Vickys „Not-Elf“ macht's nach Chancenwucher spannend!

Kosova-Coach total bedient, SCV mit Bajramovic

04. August 2015, 23:47 Uhr

Marius Ebbers traf zum zwischenzeitlichen 2:0, ließ abr auch etliche Großchancen ungenutzt. Foto: KBS-Picture.de

Es war schon äußerst seltsam, was sich am Abend an der Dratelnstraße abspielte. Der Favorit vom SC Victoria gastierte in der zweiten Runde des Oddset-Pokals beim klassentieferen Klub Kosova und gab sich anfangs überhaupt keine Blöße. Es spielte nur eine Mannschaft und das war der Oberliga-Vizemeister, der sich allein in den ersten 20 Minuten ganze fünf Hundertprozentige Torchancen erspielte, woraus zumindest zwei Tore resultierten. Nichtsdestotrotz nahm die Partie eine nicht für möglich gehaltene Wende und wurde hintenraus tatsächlich noch einmal spannend.

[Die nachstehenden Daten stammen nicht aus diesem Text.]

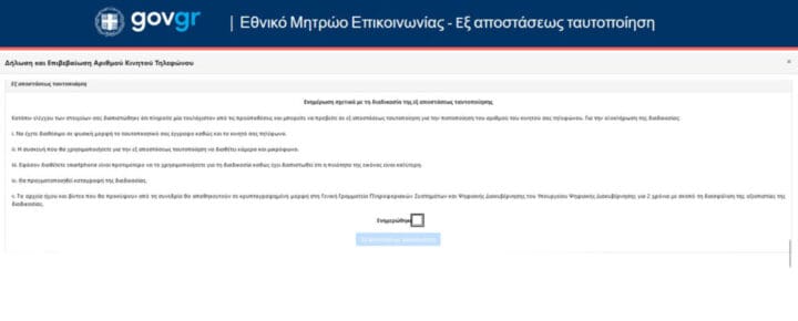 Πρόκειται για μια υπηρεσία, η οποία προσφέρει ασφαλή και γρήγορη εξυπηρέτηση ιδιαίτερα για περιπτώσεις που μέχρι σήμερα δεν ήταν εφικτή η ταυτοποίηση μέσω Πιστωτικού Ιδρύματος ή Παρόχου Κινητής Τηλεφωνίας, όπως για πολίτες που έχουν οικογενειακά και εταιρικά πακέτα σε Παρόχους Κινητής Τηλεφωνίας και κατοίκους εξωτερικού. Σημειώνεται ότι δεν θα απαιτείται φυσική παρουσία σε ΚΕΠ ή Προξενική Αρχή. Υπενθυμίζεται ότι η καταχώριση του κινητού στο ΕΜΕπ είναι υποχρεωτική βάσει θεσμικού πλαισίου.
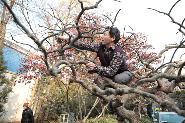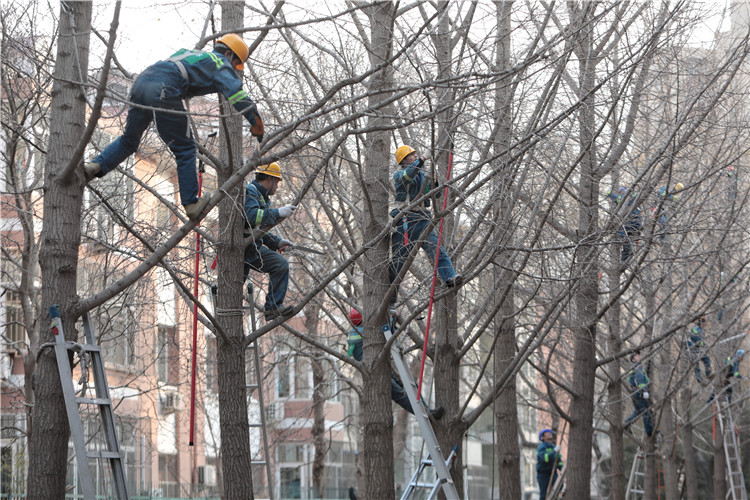据现场工作人员介绍,树木修剪的要点在于修剪造型、技术规范、安全操作等方面,在冬季进行修剪,需要对树枝的长势进行预判,剪去多余的枝杈,来年树木发芽开花才会形成更好的视觉效果。新京报记者 王嘉宁 戴轩 摄影报道
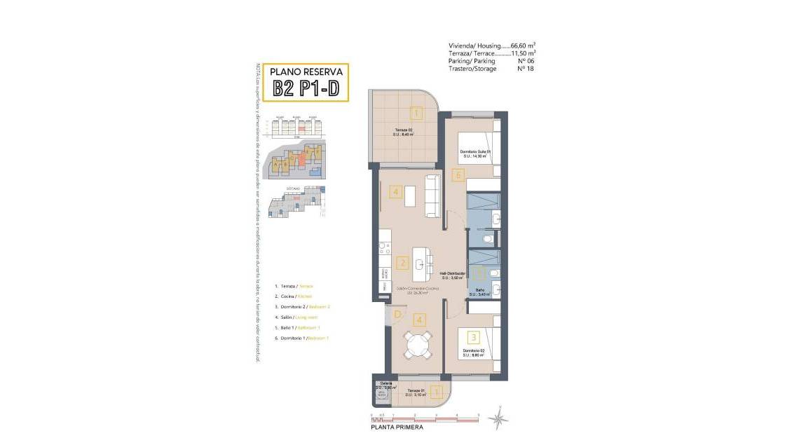 Complejo residencial de nueva construcción en Los Alcázares, en primera línea del campo de golf Serena Vida exclusiva en la Costa Cálida Descubra esta nueva promoción residencial en Los Alcázares, con una ubicación perfecta en primera línea del campo de golf Serena y a solo 1,3 km de las playas del Mar Menor. Ubicado en el corazón de la Costa Cálida, este proyecto combina arquitectura moderna, comodidad y un entorno excepcional. Con excelentes conexiones por carretera, el complejo se encuentra a solo 30 km del aeropuerto de Murcia (25 minutos) y a 90 km del aeropuerto de Alicante (55 minutos), lo que ofrece un fácil acceso a Cartagena, Murcia y la Costa Blanca. Viviendas contemporáneas con un diseño excepcional El complejo residencial incluye 18 elegantes apartamentos y 7 exclusivas villas, cada uno de ellos diseñado para maximizar el espacio, la luz y la funcionalidad. Los residentes disfrutarán de unas vistas impresionantes del campo de golf y, desde las plantas superiores, de las cristalinas aguas del Mar Menor. Elija entre: Apartamentos de 2 o 3 dormitorios y 2 baños, todos con doble orientación y dos terrazas para disfrutar de la luz del sol durante todo el día. Apartamentos en planta baja con jardines privados. Unidades en plantas intermedias con amplias terrazas. Áticos con dos terrazas, solárium privado y vistas panorámicas. Chalets independientes en primera línea de golf, con 3 dormitorios, 2 baños, sótano, solárium y piscina privada. Características y comodidades premium Todas las viviendas están equipadas con acabados de alta calidad y comodidades modernas, entre las que se incluyen: Plaza de aparcamiento y trastero Sistema de agua caliente aerotérmica Aire acondicionado por conductos preinstalado Persianas eléctricas y paquete de iluminación completo Baños completamente equipados con muebles y mamparas de ducha Piscina comunitaria y jardines paisajísticos Ascensor en los bloques de apartamentos Ubicación perfecta para los amantes del golf y la playa Situada en un enclave privilegiado, la urbanización está rodeada por la tranquila vegetación de Serena Golf y se encuentra a pocos pasos de las cálidas y poco profundas aguas del Mar Menor. Esta zona única ofrece oportunidades durante todo el año para practicar natación, vela, paddle surf y otros deportes acuáticos, lo que la hace ideal tanto para el descanso como para la actividad. Distancias clave: Playa (Mar Menor): 1,3 km Serena Golf: junto al complejo Centro de Los Alcázares: 2 km Cartagena: 22 km Ciudad de Murcia: 40 km Aeropuerto de Murcia: 30 km (25 minutos) Aeropuerto de Alicante: 90 km (55 minutos) Asegúrese su estilo de vida mediterráneo Esta promoción en Los Alcázares ofrece la combinación perfecta de playa, golf y vida moderna. Ya sea como residencia permanente, refugio vacacional o inversión, proporciona todo lo necesario para un auténtico estilo de vida mediterráneo. Póngase en contacto con nosotros hoy mismo para concertar una visita y asegurarse su nueva vivienda en la Costa Cálida.
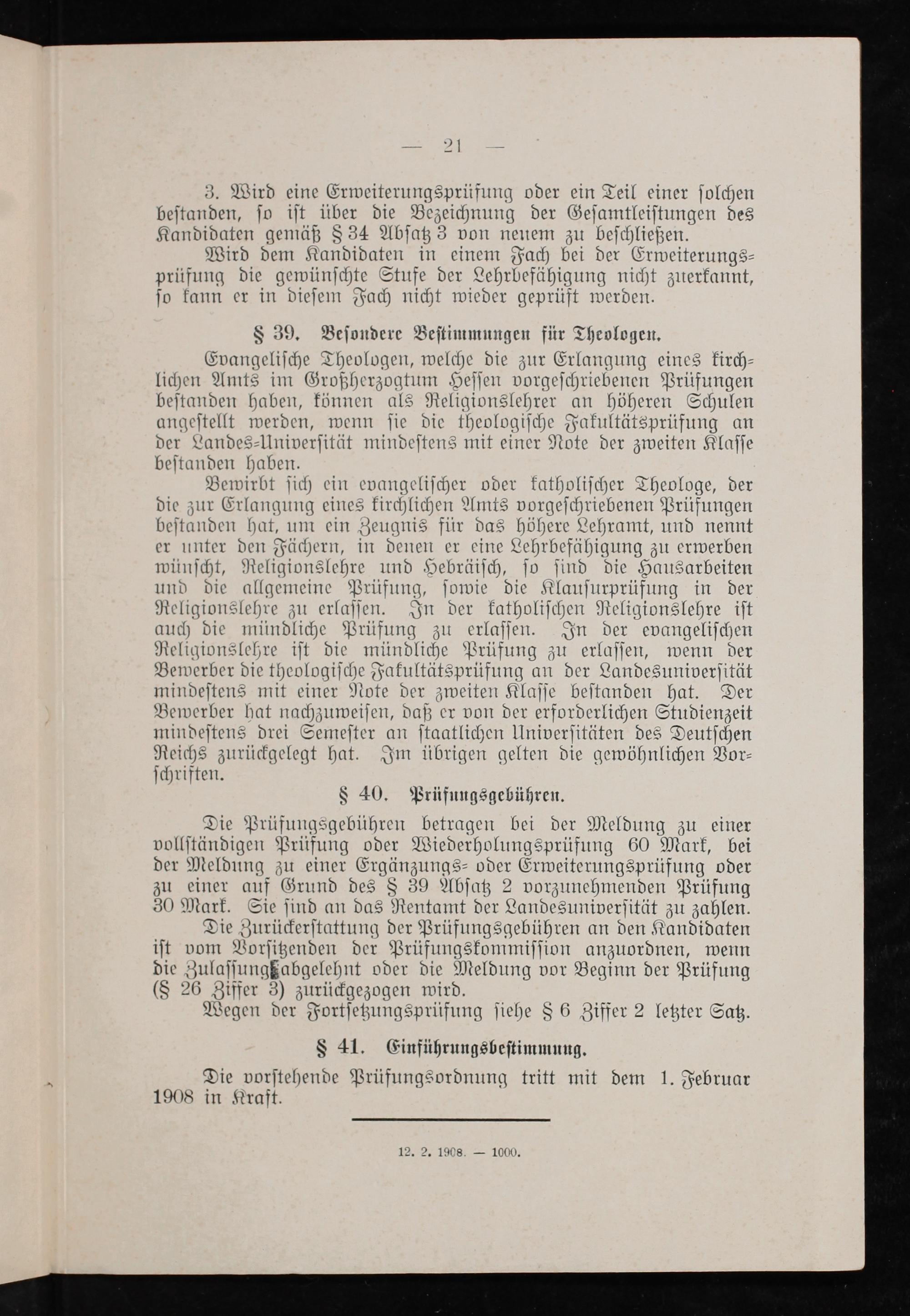 Prüfungsordnung für das höhere Lehramt im Großherzogtum Hessen : Vom 10. Januar 1908 / erlassen vom Großherzogliches Ministerium des Innern am 10. Januar 1908

„Wir wollten das Spiel gewinnen – doch das habe ich meiner Mannschaft, zumindest in der ersten Halbzeit, in keinster Art und Weise angesehen“, war Thorsten Beyer, Übungsleiter des Klub Kosova nach dem Abpfiff noch immer bedient. Seine Mannschaft fand im ersten Durchgang überhaupt keinen Zugriff auf Spiel und Gegner, ließ diesen schalten und walten, wie er wollte. Gerade einmal acht Zeigerumdrehungen brauchte der stark ersatzgeschwächte SCV, bei dem Co-Trainer Jasmin Bajramovic in der Innenverteidigung aushalf (!), um bei strömendem Regen die Führung zu erzielen: Gary Voorbraak mit dem langen Ball von halblinks. Keiner fühlte sich für Jungspund Danial Jadidi verantwortlich, der im ersten Versuch noch an Sebastian Menzel scheiterte, aber den Abpraller locker im Kasten der Hausherren unterbrachte – 0:1! Marius Ebbers (11.), Vincent Boock (13.) und Jadidi (16.) hätten den Vorsprung längst ausbauen müssen, als der ehemalige St. Paulianer ein Boock-Zuspiel mit all seiner Routine verarbeitete, einen Gegenspieler aussteigen ließ und locker-leicht ins rechte untere Toreck einschoss (20.)!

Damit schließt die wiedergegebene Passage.